Exercise data

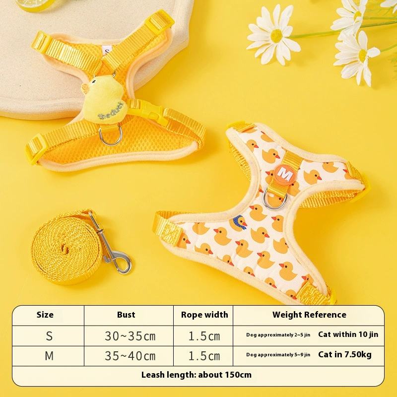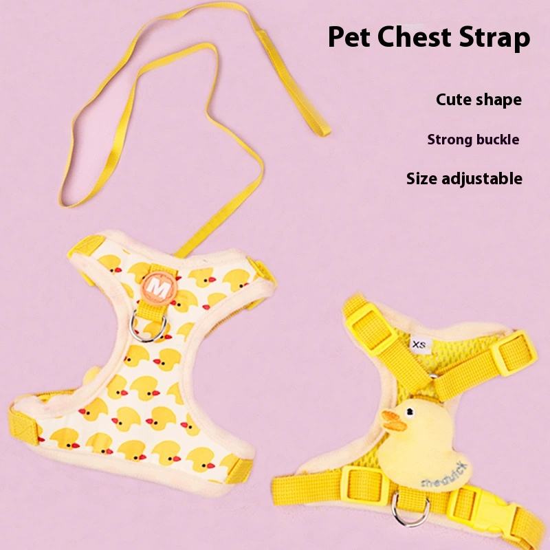 เชือกจูงสุนัขขนเป็ดสีเหลืองขนาดเล็กสำหรับสัตว์เลี้ยงสายจูงสุนัขน่ารักเชือกจูงสุนัขเดินกลางแจ้ง
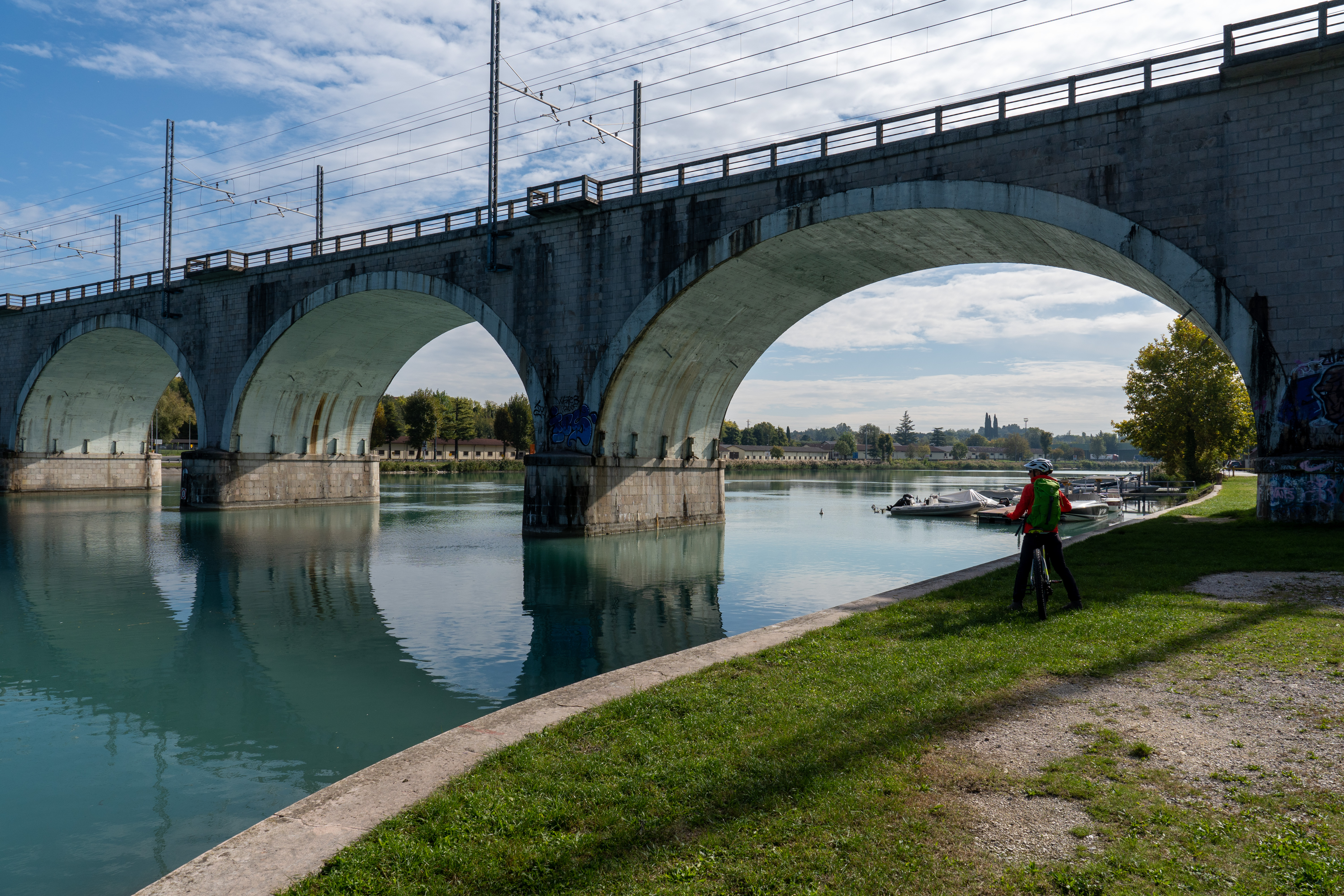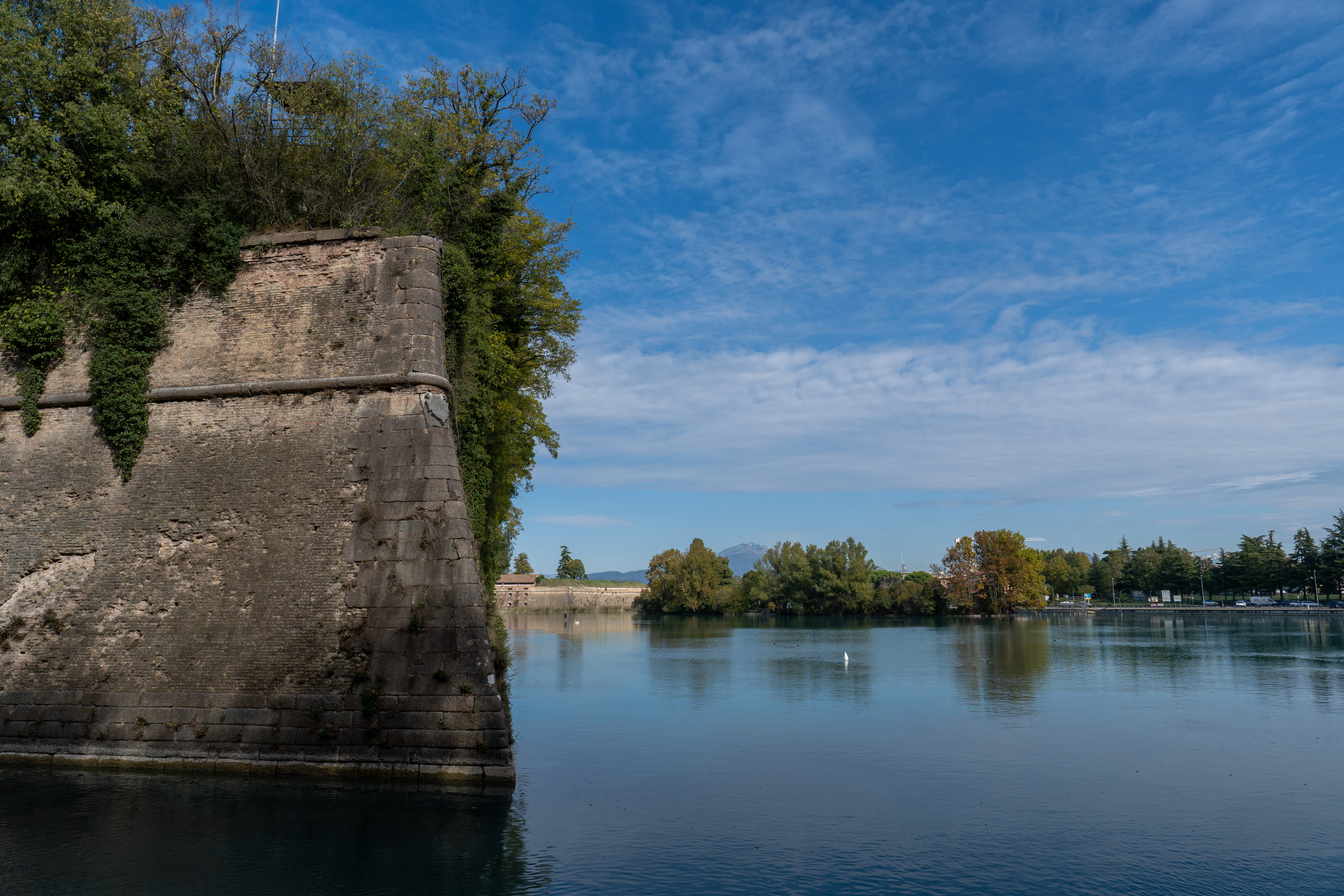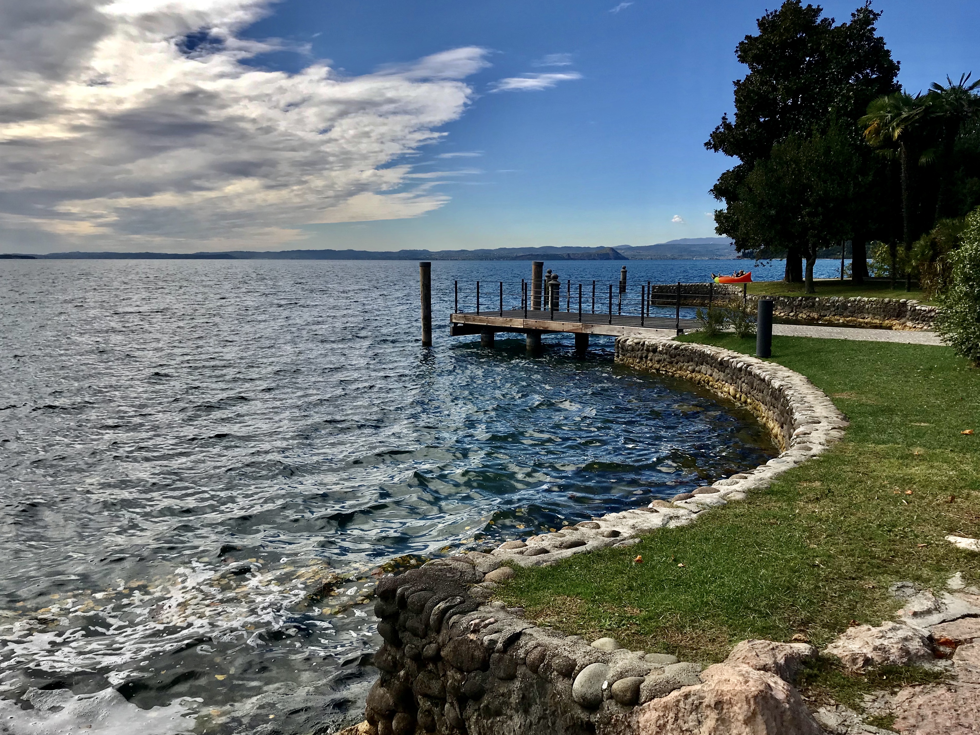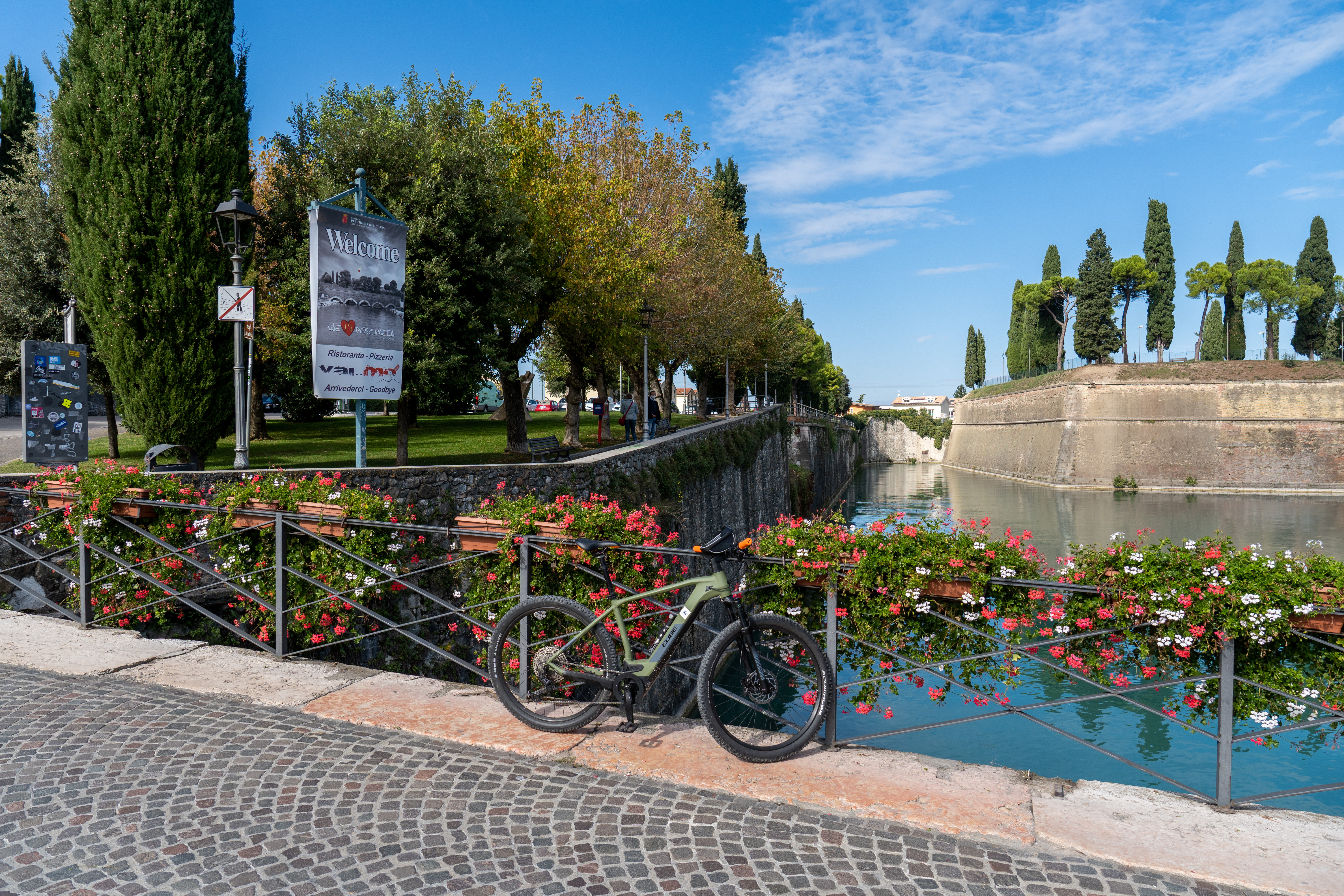 Tag Drei am Gardasee bricht an, es ist nicht so hundertprozentig dolle wie gestern, macht aber gar nix. Wir heben uns um 09:00 aus den Federn, frühstücken aber heute lieber mal drinne. Es ist zwar noch leicht wolkig aber es ist auch ganz schön kalt. Der Aufwasch will nach dem Frühstück noch erledigt werden, wir kramen noch bisschen rum und schwingen uns um 11:00 auf unsere Drahtesel (mit Akku). Wir fahren heute nach Süden in Richtung Peschiera del Garda. Es geht immer am Wasser entlang so dass wir einen tollen Blick auf den morgendlichen Lago di Garda haben. In Perschiera schauen wir kurz in die Altstadt und werfen einen Blick auf die Festung. Wir schwenken ein auf den Radweg entlang des Flusses Mincio. Unser Tagesziel ist heute der kleine Ort Valeggio Sul Mincio. Wir wollen hier hübsch Essen gehen, Pustekuchen - nix offen oder ungastlich. Wir kehren der Stadt den Rücken und kehren in Demu`s Stube am Fluss Mincio ein. Ein hübscher kleiner Biergarten am Fluss. Nach einer Pizza und Bierchen geht noch 1,5 km flussabwärts zum kleinen Örtchen Borghetto, ein kleines Mühlendörfchen am Mincio. Total hübsch gelegen und auch lauter hübsche kleine Kneipen in der Altstadt. Leider haben wir schon gegessen, also schauen wir uns nur um und machen ein paar Bilder. Wir treten unseren Rückweg an. Es sind immerhin knapp 35 km zurück nach Bardolino. Wir fahren also am Fluss zurück und nach Peschiera geht es weiter am Ufer des Gardasee entlang. Eine tolle Nachmittagssonne verwöhnt uns beim Radeln. Im Zentrum von Bardolino am Hafen trinken wir noch schnell einen Traubensaft und einen Wein. Zurück am Campingplatz ist chillen und duschen angesagt. Heute haben wir durchaus beachtliche 68 km unter die Räder genommen aber mit Akku ist das nur eine Frage der Ausdauer, sind aber dennoch etwas erledigt.
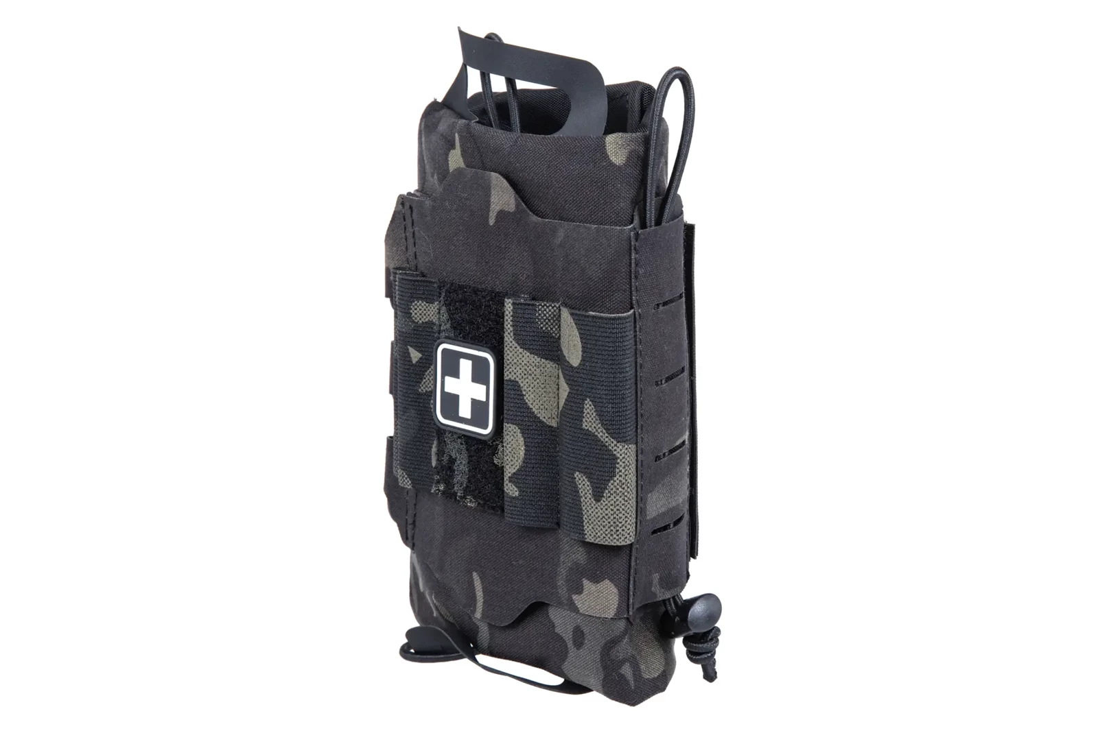 Rękaw transportowy posiada dwa rzepy - przedni z naszywką Medyk, tylni rzep służy do przymocowania całości do kamizelki. Rękaw posiada dodatkowy panel Molle, co pozwala przymocować kolejne elementy wyposażenia np. ładownicę na staze taktyczną.
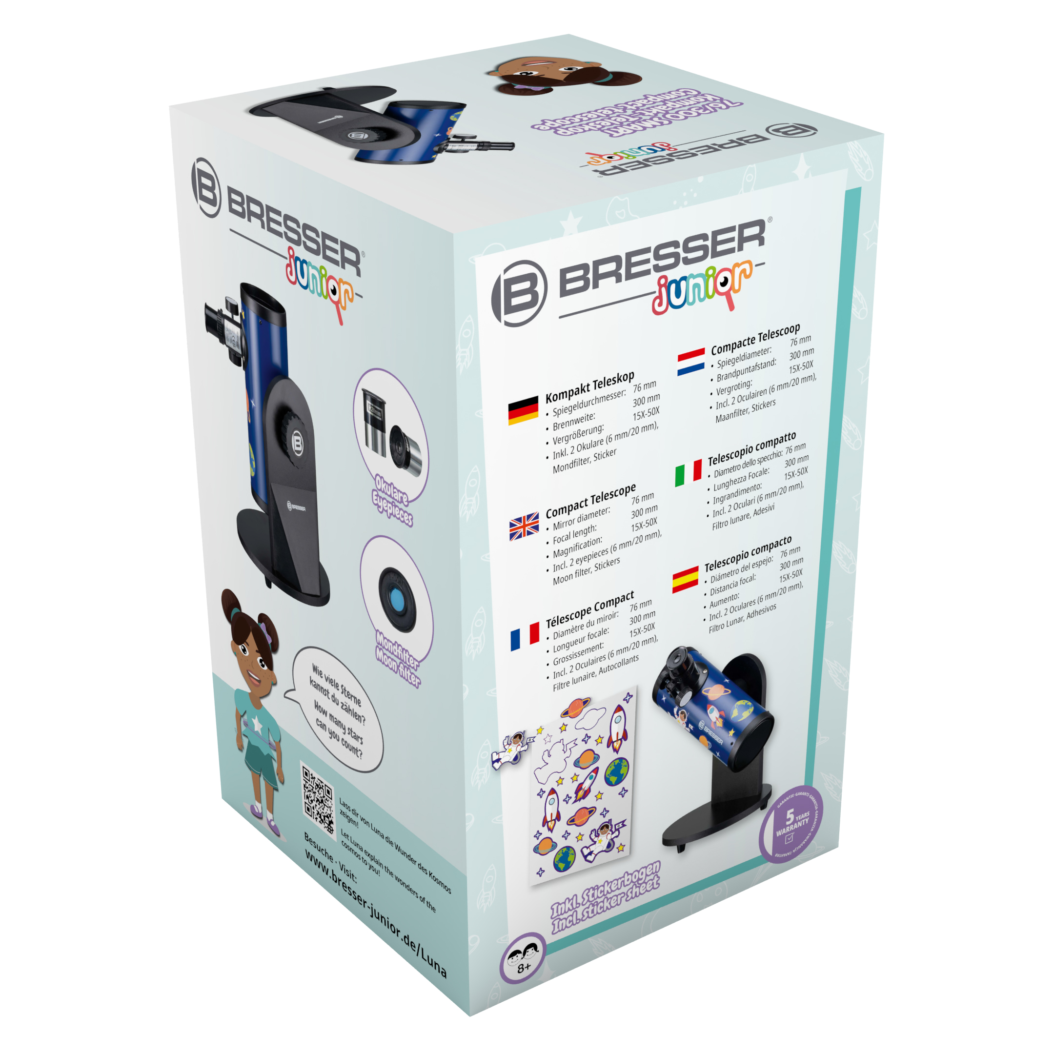 - Includes: Telescope, 2 eyepieces (6 mm/20 mm), moon filter, stickers

The task
A faithful copy is needed: reproduce all of the data above, leaving the pictures out.

Finished task
 เชือกจูงสุนัขขนเป็ดสีเหลืองขนาดเล็กสำหรับสัตว์เลี้ยงสายจูงสุนัขน่ารักเชือกจูงสุนัขเดินกลางแจ้ง
 Tag Drei am Gardasee bricht an, es ist nicht so hundertprozentig dolle wie gestern, macht aber gar nix. Wir heben uns um 09:00 aus den Federn, frühstücken aber heute lieber mal drinne. Es ist zwar noch leicht wolkig aber es ist auch ganz schön kalt. Der Aufwasch will nach dem Frühstück noch erledigt werden, wir kramen noch bisschen rum und schwingen uns um 11:00 auf unsere Drahtesel (mit Akku). Wir fahren heute nach Süden in Richtung Peschiera del Garda. Es geht immer am Wasser entlang so dass wir einen tollen Blick auf den morgendlichen Lago di Garda haben. In Perschiera schauen wir kurz in die Altstadt und werfen einen Blick auf die Festung. Wir schwenken ein auf den Radweg entlang des Flusses Mincio. Unser Tagesziel ist heute der kleine Ort Valeggio Sul Mincio. Wir wollen hier hübsch Essen gehen, Pustekuchen - nix offen oder ungastlich. Wir kehren der Stadt den Rücken und kehren in Demu`s Stube am Fluss Mincio ein. Ein hübscher kleiner Biergarten am Fluss. Nach einer Pizza und Bierchen geht noch 1,5 km flussabwärts zum kleinen Örtchen Borghetto, ein kleines Mühlendörfchen am Mincio. Total hübsch gelegen und auch lauter hübsche kleine Kneipen in der Altstadt. Leider haben wir schon gegessen, also schauen wir uns nur um und machen ein paar Bilder. Wir treten unseren Rückweg an. Es sind immerhin knapp 35 km zurück nach Bardolino. Wir fahren also am Fluss zurück und nach Peschiera geht es weiter am Ufer des Gardasee entlang. Eine tolle Nachmittagssonne verwöhnt uns beim Radeln. Im Zentrum von Bardolino am Hafen trinken wir noch schnell einen Traubensaft und einen Wein. Zurück am Campingplatz ist chillen und duschen angesagt. Heute haben wir durchaus beachtliche 68 km unter die Räder genommen aber mit Akku ist das nur eine Frage der Ausdauer, sind aber dennoch etwas erledigt.
 Rękaw transportowy posiada dwa rzepy - przedni z naszywką Medyk, tylni rzep służy do przymocowania całości do kamizelki. Rękaw posiada dodatkowy panel Molle, co pozwala przymocować kolejne elementy wyposażenia np. ładownicę na staze taktyczną.
 - Includes: Telescope, 2 eyepieces (6 mm/20 mm), moon filter, stickers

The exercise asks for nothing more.